SPRINGORA Vanessa, ‘Le Consentement’.

Sortie : 2020, Chez : Editions Grasset & Fasquelle / Le Livre de Poche

Vanessa Springora avait 14 ans au mitan des années 1980′ lorsque Gabriel Matzneff, 49 ans, écrivain, la séduisit. 35 ans plus tard, elle fait le récit d’une emprise dont elle s’est défaite avec difficulté et qui l’a durablement traumatisée.

Lui était un écrivain prolifique et sulfureux, introduit dans le tout Paris littéraire, désigné par « G » dans le récit. Amateur de relations sexuelles avec de jeunes enfants mineurs, il détaillait à loisir ses ébats sexuels dans des journaux intimes qui étaient publiés et faisaient la joie gourmande du microcosme de Saint-Germain-des-Prés. Il fallut attendre la publication du livre de Springora en 2020 pour que Matzneff désormais âgé de plus de 80 ans commence à être mis devant ses responsabilités et qualifié de pédocriminel. Il est depuis définitivement ostracisé par le petit monde qui l’avait encensé mais l’avait un peu oublié ces dernières années, bien qu’il reçut encore le prix Renaudot en 2013. Ses crimes étant prescrits, son sort de vieux monsieur pervers n’a sans doute plus beaucoup d’importance.
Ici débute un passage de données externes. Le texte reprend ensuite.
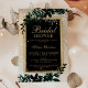 une typographie dorée moderne, chic et élégante Couleur d'eau verte florale Soirée nuptiale de Noël invitation avec feuillage vert aquarelle peint à la main sur un dégradé d'or jaune chic avec neige blanche et flocons de neige. Parfait pour Noël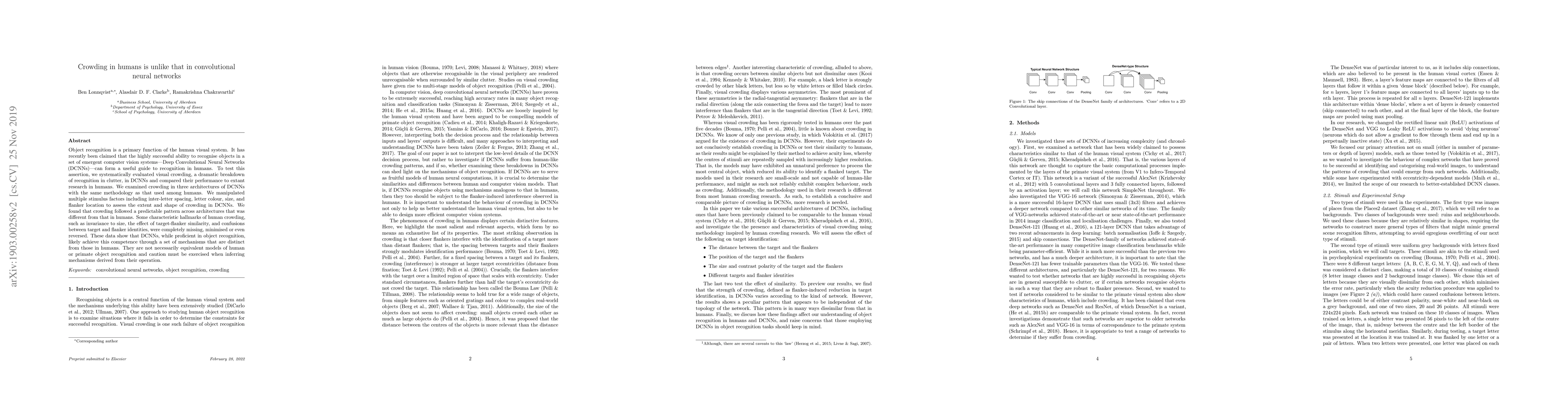 The research compares visual crowding in humans and Deep Convolutional Neural Networks (DCNNs). It finds that while DCNNs are excellent at object recognition, their mechanisms differ significantly from humans, lacking human-like crowding characteristics. This suggests caution when using DCNNs as models for human visual recognition.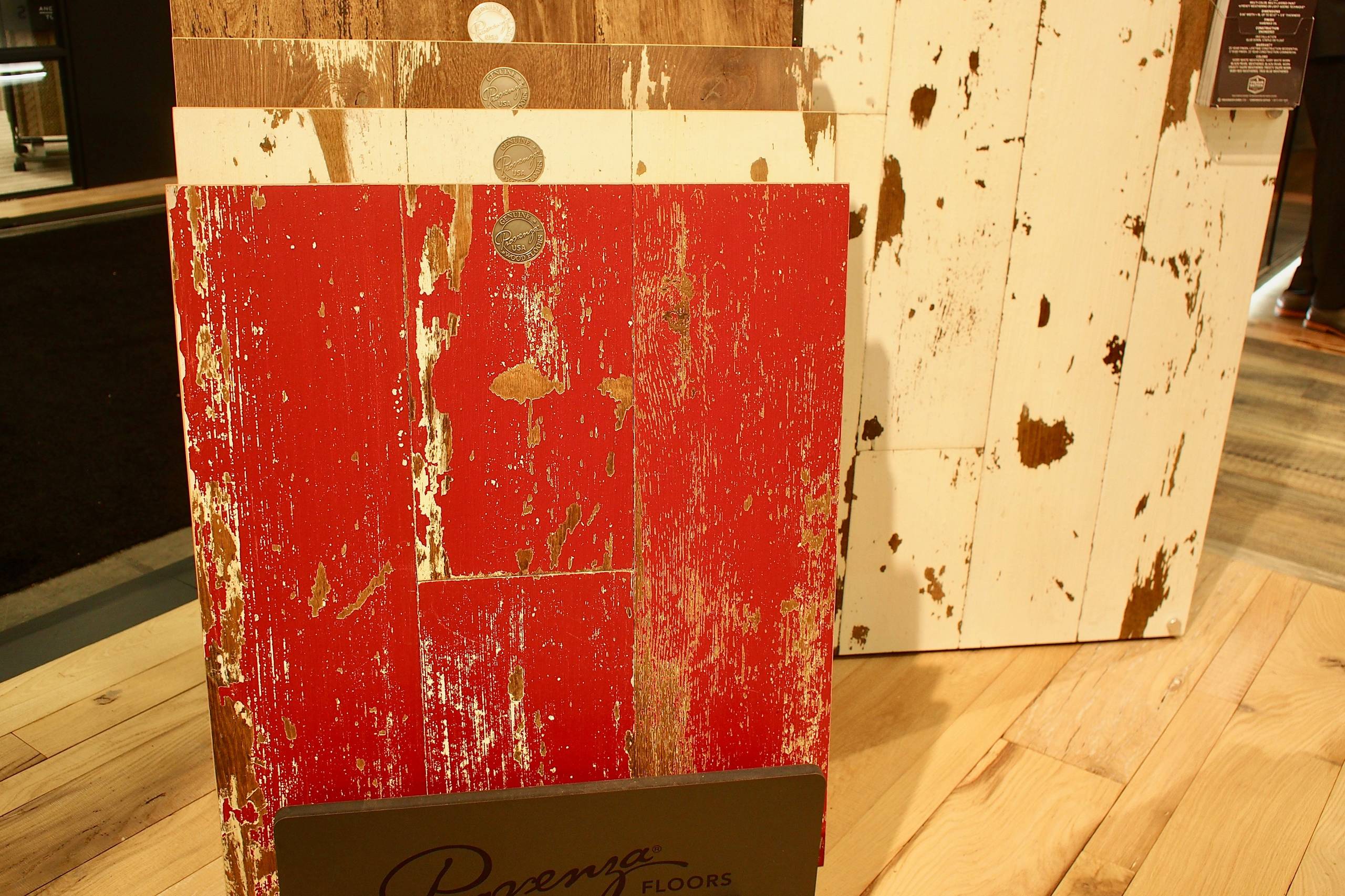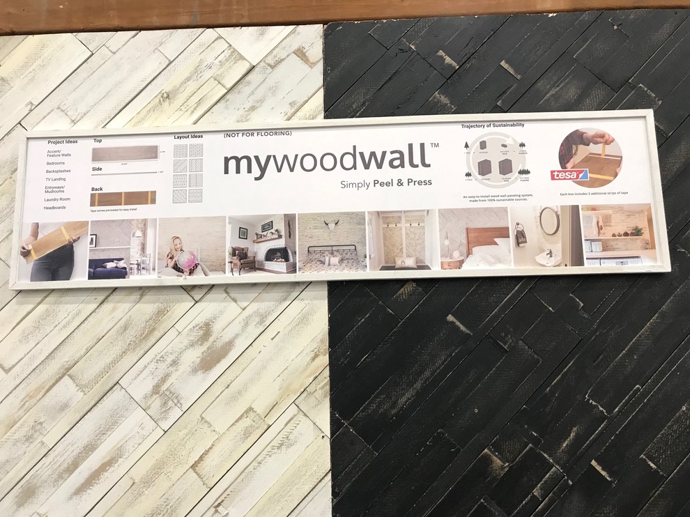 There were several peel-and-press wood-like vinyl tile exhibits, but Mywoodwall uses real wood planks. The company says it can be used on accent walls and backsplashes, in entryways and laundry rooms and even as a headboard.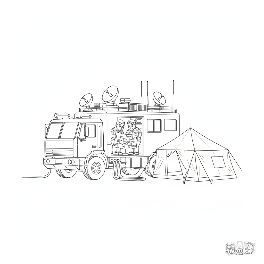 Detailed coloring page for older kids 10-12: a intricate command post truck with many antennas in a field camp.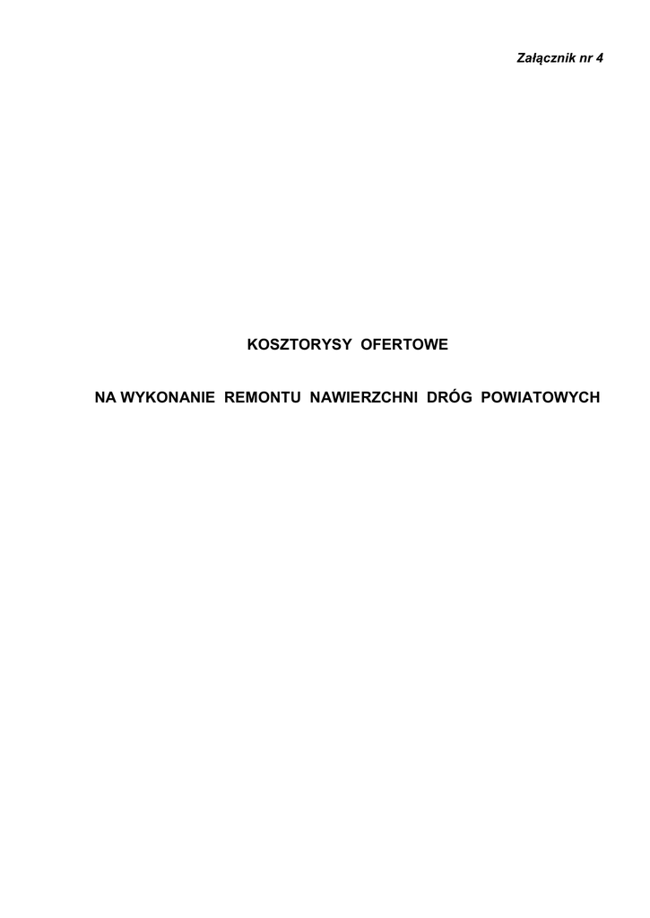 Załącznik nr 4 KOSZTORYSY OFERTOWE NA WYKONANIE REMONTU NAWIERZCHNI DRÓG POWIATOWYCH Kosztorys ofertowy Nr 1 ZADANIE I - wykonanie remontu nawierzchni drogi powiatowej Chlebowo – Karnkowo – Chodorążek – Wioska od km 0+003 do km 1+570 Numer ST Poz. cen. Asortyment i rodzaj robót 04.03.01 22 Skropienie oczyszczonej podbudowy emulsją asfaltową w ilości 0,6 kg/m2 . Lokalizacja robót: 0+450 – 0+950 = 500m x 5,5m= 2750 m2 0+950 – 1+570 = 620m x 5,0m =3100 m2 -----------------------------------------------------Razem: 5850 m2 04.08.01 Ilość jedn. m2 5850 m2 5850 m2 8363 Cena jedn. Wartość netto Wyrównanie nawierzchni masą mineralno-bitumiczną wg PN-S-96025 w ilości 75 kg/m2. 10 Lokalizacja robót j. w. 05.03.09 J.m. 21 Wykonanie pojedynczego powierzchniowego utrwalenia nawierzchni bitumicznej przy użyciu asfaltowej emulsji kationowej szybkorozpadowej 70% i grysów bazaltowych kl. I gat. 1 fr. 5/8 mm. Lokalizacja robót: 18+5,7 --------- x 8,6 = 102 m2 - rozjazd 2 0+011,6-0+950=938,4mx5,5m= 5161,2 m2 0+950- 1+570= 620m x 5,0m = 3100 m2 ---------------------------------------------------------Razem: 8363,2 m2 Przyjęto: 8363,0 m2 Razem: Podatek VAT 23% Ogółem: Podpisano ........................................................ (data) ..................................................... (upełnomocniony przedstawiciel) Kosztorys ofertowy Nr 2 ZADANIE II - wykonanie remontu nawierzchni drogi powiatowej Marianki – Małomin – Kamień Kmiecy – Tłuchowo od km 8+332 do km 9+332 Numer ST Poz. cen. Asortyment i rodzaj robót 04.03.01 22 Skropienie oczyszczonej podbudowy emulsją asfaltową w ilości 0,6 kg/m2 . Lokalizacja km 8+332–9+332= 1000m x 5,0m =5000 m2 04.08.01 05.03.09 Wyrównanie nawierzchni masą mineralno-bitumiczną wg PN-S-96025 w ilości 75 kg/m2. Lokalizacja robót j.w. Wykonanie pojedynczego powierzchniowego utrwalenia nawierzchni bitumicznej przy użyciu asfaltowej emulsji kationowej szybkorozpadowej 70% i grysów bazaltowych kl. I gat. 1 fr. 5/8 mm. Lokalizacja robót j.w. 10 21 J.m. Ilość jedn. m2 5000 m2 5000 m2 5000 Cena jedn. Wartość netto Razem: Podatek VAT 23% Ogółem: Podpisano ........................................................ (data) ..................................................... (upełnomocniony przedstawiciel) Kosztorys ofertowy Nr 3 ZADANIE III - wykonanie remontu nawierzchni drogi powiatowej Obory – Wildno – Lipno w m. Jastrzębie od km 16+563 do km 16+776 Numer ST Poz. cen. Asortyment i rodzaj robót 04.03.01 22 Skropienie oczyszczonej podbudowy emulsją asfaltową w ilości 0,6 kg/m2 . Lokalizacja km 16+563 – 16+776 = 213 m x 6,0m = 1278m2 Wyrównanie nawierzchni masą mineralno-bitumiczną wg PN-S-96025 w ilości 75 kg/m2. Lokalizacja robót km 16+563 – 16+776 = 213 m x 1,0 m = 213 m2 - na poszerzeniu km 16+563 – 16+776 = 213 m x 6,0m = 1278m2 Wykonanie pojedynczego powierzchniowego utrwalenia nawierzchni bitumicznej przy użyciu asfaltowej emulsji kationowej szybkorozpadowej 70% i grysów bazaltowych kl. I gat. 1 fr. 5/8 mm. Lokalizacja robót: km 16+563 – 16+776 = 213 m x 6,0m = 1278m2 04.08.01 05.03.09 10 21 J.m. Ilość jedn. m2 1278 m2 1491 m2 1278 Cena jedn. Wartość netto Razem: Podatek VAT 23% Ogółem: Podpisano ........................................................ (data) ..................................................... (upełnomocniony przedstawiciel) Kosztorys ofertowy Nr 4 ZADANIE IV - wykonanie remontu nawierzchni drogi powiatowej Lipno – Brzeźno – Gnojno od km 13+334 do km 14+334 Numer ST Asortyment i rodzaj robót Poz. cen. Naprawa korpusu drogi na przepuście pod drogą – podbudowa z betonu B15. Lokalizacja robót: km 13+617 – 13+662 Zakres robót: I w-wa – 20 m x 5,6 m = 112 m2 II w-wa – 35 m x 5,4 m = 189 m2 III w-wa – 45 m x 5,2 m = 234 m2 Warstwy grubości 20 cm każda. Skropienie oczyszczonej podbudowy emulsją asfaltową w ilości 0,6 kg/m2 . Lokalizacja km 13+334 – 14+334 = 1000 m x 5,0m = 5000 m2 04.06.01 04.03.01 22 04.08.01 10 05.03.09 21 Wyrównanie nawierzchni masą mineralno-bitumiczną wg PN-S-96025 w ilości 75 kg/m2. lokalizacja robót j.w. Wykonanie pojedynczego powierzchniowego utrwalenia nawierzchni bitumicznej przy użyciu asfaltowej emulsji kationowej szybkorozpadowej 70% i grysów bazaltowych kl. I gat. 1 fr. 5/8 mm. Lokalizacja j.w. J.m. Ilość jedn. m2 535 m2 5000 m2 5000 m2 5000 Cena jedn. Wartość netto Razem: Podatek VAT 23% Ogółem: Podpisano ........................................................ (data) ..................................................... (upełnomocniony przedstawiciel)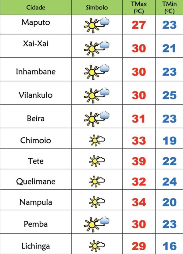Byfalabweoutubro 12, 2025O Instituto Nacional de Meteorologia(INAM) prevê o seguinte estado do tempo para este domingo(12), 1253 dia em Emergência de Saúde Pública em Moçambique:...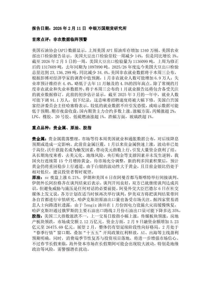 申银万国期货-早间评论-260211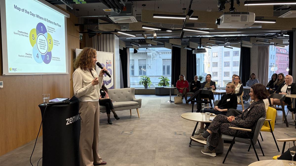 Více než 60 účastnic se sešlo v coworkingovém prostoru Zenwork, aby společně prozkoumaly konkrétní dopady umělé inteligence v pracovním prostředí s cílem podpořit jasnější, efektivnější a lépe zvládnutelné využívání těchto technologických nástrojů.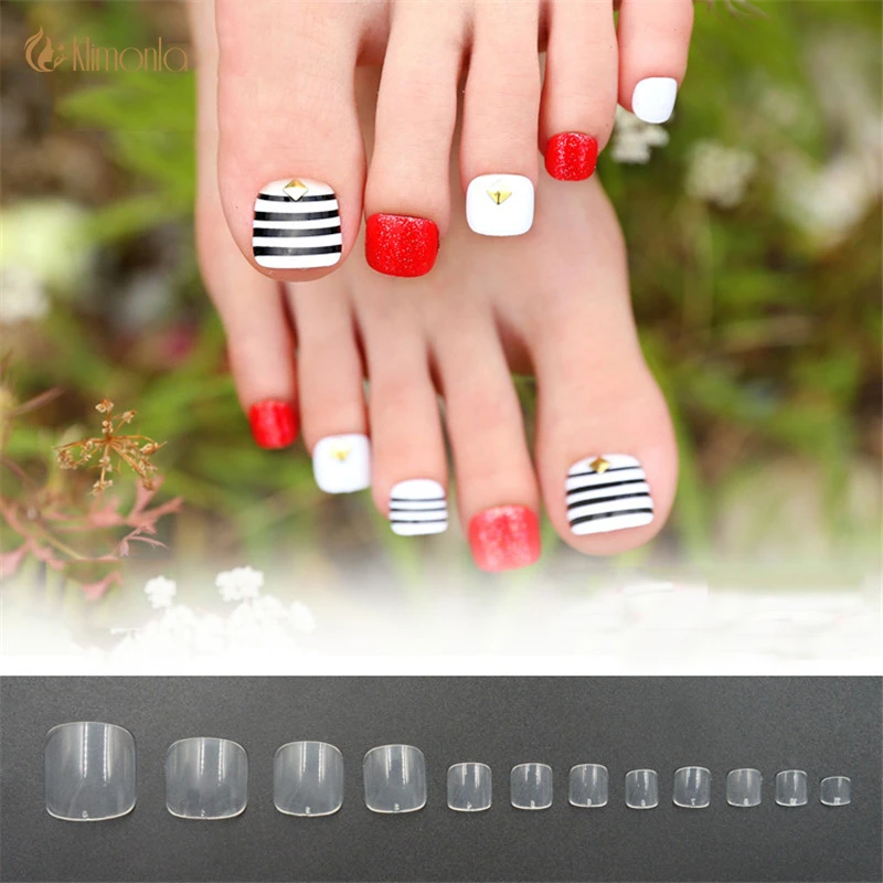 24 Pz Set Abbastanza Rossa Punta Unghie Finte Testa Quadrata Strass Completa Punte Del Chiodo Per Le Dita Dei Piedi Strumento Di Cerimonia Nuziale Della Sposa Con Colla Full Nail Tips Nail Tipstoe False Nails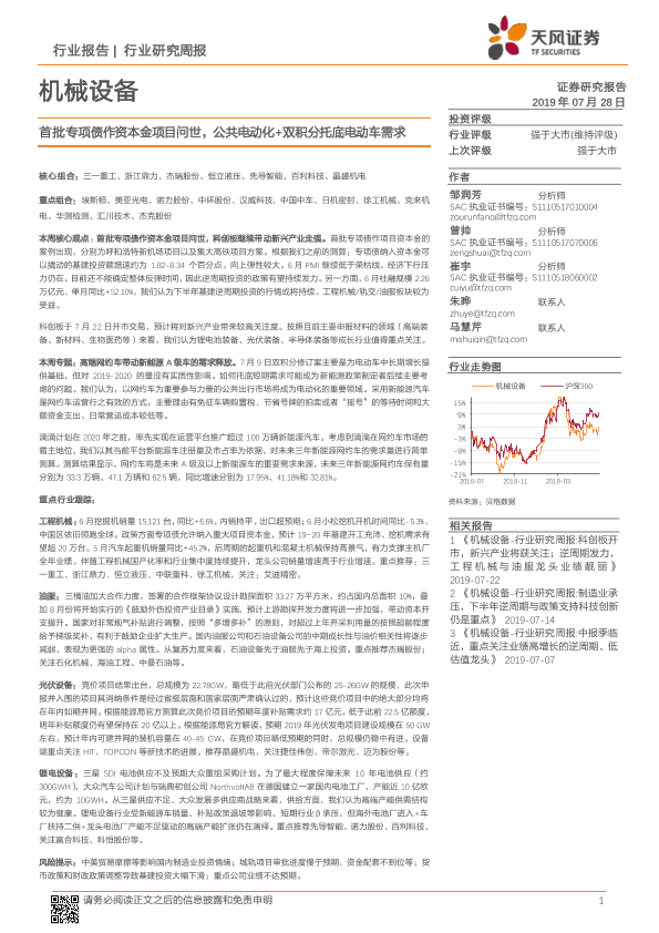 【天风证券】【20190728】20190728-天风证券-机械设备行业研究周报:首批专项债作资本金项目问世,公共电动化+双积分托底电动车需求-19页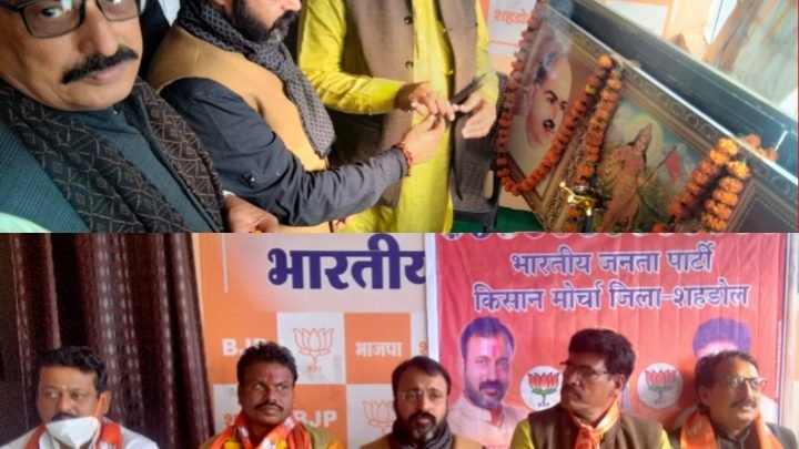शहडोल /किसान दिवस के शुभ अवसर पर शहडोल जिले मे भाजपा जिला अध्यक्ष कमल प्रताप सिंह के मार्गदर्शन मे किसान मोर्चा जिला अध्यक्ष रवि कांत त्रिपाठी के द्वारा जिला किसान मोर्चा कार्यकारिणी के जिला पदाधिकारी जिला कार्यसमिति के सदस्यगण मंडल के मंडल अध्यक्षो की बैठक की गयी। दिन शुक्रवार दिनांक 23 दिसंबर 2021 को किसान दिवस के शुभ अवसर पर परिचय मिलन बैठक जिला भाजपा कार्यालय शहडोल में रखा गया ।बैठक की शुरुआत भारत माता के चरणों में एवं भाजपा के प्रणेता पंडित दीनदयाल उपाध्याय ,डॉक्टर श्यामा प्रसाद मुखर्जी के चरणों में पुष्प अर्पण दीप प्रज्वन कर हुई। सभी किसान मोर्चा के पदाधिकारीयो ने भाजपा जिला अध्यक्ष कमल प्रताप सिंह, शीतल पोद्दार किसान मोर्चा प्रभारी, किसान मोर्चा जिला अध्यक्ष रविकांत त्रिपाठी का पदाधिकारीयों ने स्वागत किया वही भाजपा जिला अध्यक्ष कमल प्रताप सिंह को किसान मोर्चा के जिला एवं मंडल के पदाधिकारियों द्वारा परिचय दिया गया।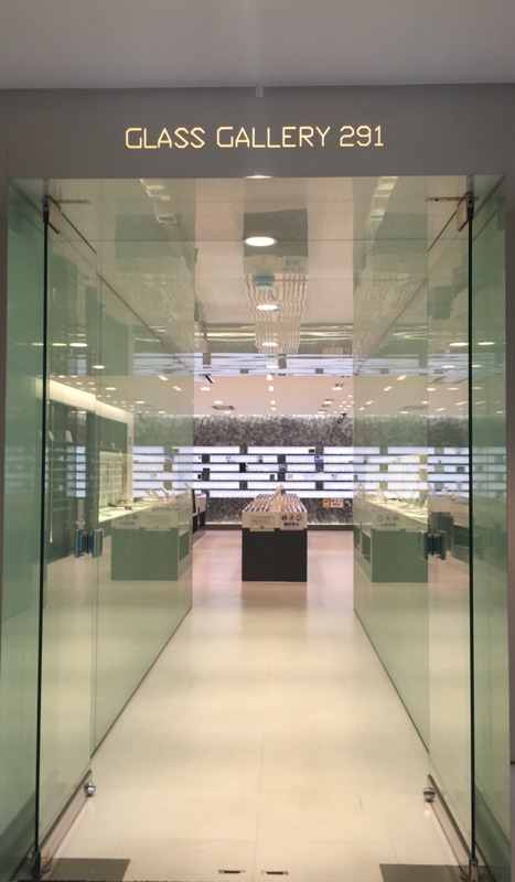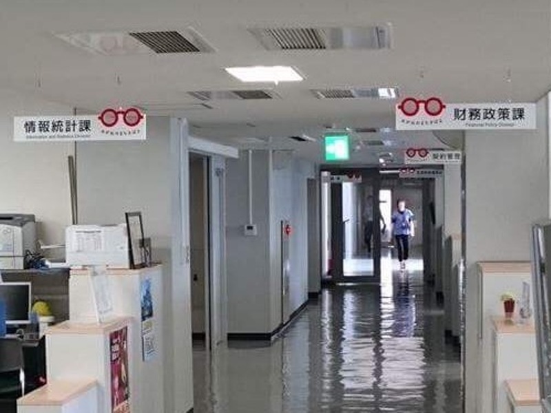 廊下のサインが、みんなめがねになっていて、壁のとけいまでめがね入りです。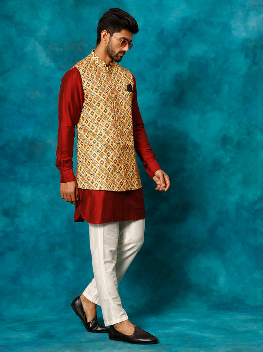 VASTRAMAY Men's Mustard Geometric Printed Nehru Jacket With Curved Kurta And Pant Set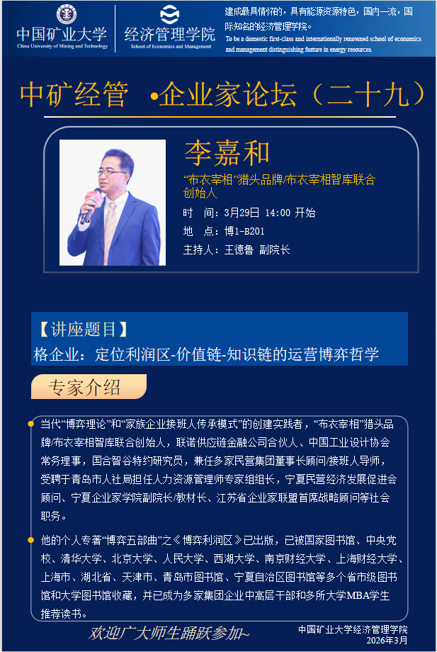 3月29日 中矿经管.企业家论坛(二十九)格企业:定位利润区-价值链-知识链的运营博弈哲学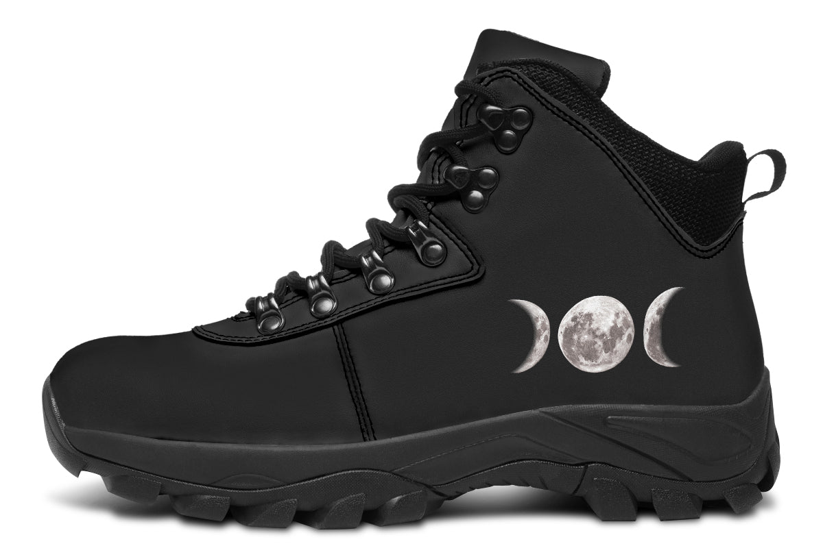 Channel the power of the moon with the ANTIBrand Triple Goddess Walking Boots. Adorned with the sacred lunar symbol, these boots fuse gothic mysticism with modern comfort.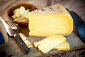 Thybo Käse hat seinen eigenen Charakter mit einem beinahe süßlichen Geschmack, er lässt sich leicht brechen und fühlt sich leicht kristallisiert an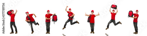 Young traveller with backpack isolated on white

Le récit d’une de ses nombreuses victimes a certainement valeur de thérapie pour elle et c’est tant mieux. Ses courts chapitres font aussi, et surtout, le procès d’une époque, et plus précisément de l’élite culturelle de ce temps. Mai 68, Simone de Beauvoir, la théorie psychologique dévoyée, une philosophie libertaire promue par de grands penseurs, notamment français, sont passés par là. Le fameux slogan « il est interdit d’interdire » a été érigé en mode de fonctionnement dans le microcosme se croyant au-dessus des lois de la nature, conduisant à l’abandon d’un cadre pour l’éducation des enfants et la démission de l’autorité parentale.

Un père absent, une mère « tolérante », une époque conciliante et un milieu littéraire nombriliste, il n’en fallut pas plus pour que Vanessa Springora tombe dans les griffes du prédateur à un âge où son « consentement » ne pouvait pas être éclairé. Il lui faudra quelques années pour se déprendre du pédophile séducteur, quelques décennies pour s’en remettre et écrire ce livre, le récit plutôt froid des grandes erreurs d’une époque, pendant que celle d’aujourd’hui en commet de nouvelles.

Il se murmure à Saint-Germain-des Prés que Matzneff cherche à publier sa réponse « Vanessavirus » mais qu’il ne trouve pas d’éditeur.